**EXERCISE INSTRUCTIONS:**
Keep the text of the data exactly as it is and omit each picture from the copy.

DATASET EXTRACT START

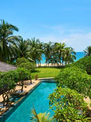 飯店擁有多間舒適而不同風格的客房及10棟園林別墅,飯店具有珍藏原生海岸與經典臨海建築相得益彰,展現古典與現代、人工與自然融合之美,讓您感受無與倫比的熱帶自然海島風光。
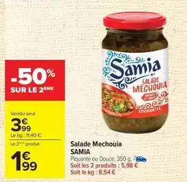 Le prix de l'offre Samia - salade mechouia se trouve également en haut de la page, ainsi que la date à laquelle l'offre est disponible. Vous pouvez également vérifier les prix dans le Catalogue Carrefour Drive actuel ou sur le site Internet de Carrefour Drive. Les offres vous permettent d'acheter les produits Carrefour Drive au prix le plus bas.
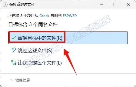 15.点击“替换目标中的文件“(若提示需要管理员权限,勾选“为所有...”,点击“继续”)

DATASET EXTRACT END

**EXERCISE SOLUTION:**
 飯店擁有多間舒適而不同風格的客房及10棟園林別墅,飯店具有珍藏原生海岸與經典臨海建築相得益彰,展現古典與現代、人工與自然融合之美,讓您感受無與倫比的熱帶自然海島風光。
 Le prix de l'offre Samia - salade mechouia se trouve également en haut de la page, ainsi que la date à laquelle l'offre est disponible. Vous pouvez également vérifier les prix dans le Catalogue Carrefour Drive actuel ou sur le site Internet de Carrefour Drive. Les offres vous permettent d'acheter les produits Carrefour Drive au prix le plus bas.
 15.点击“替换目标中的文件“(若提示需要管理员权限,勾选“为所有...”,点击“继续”)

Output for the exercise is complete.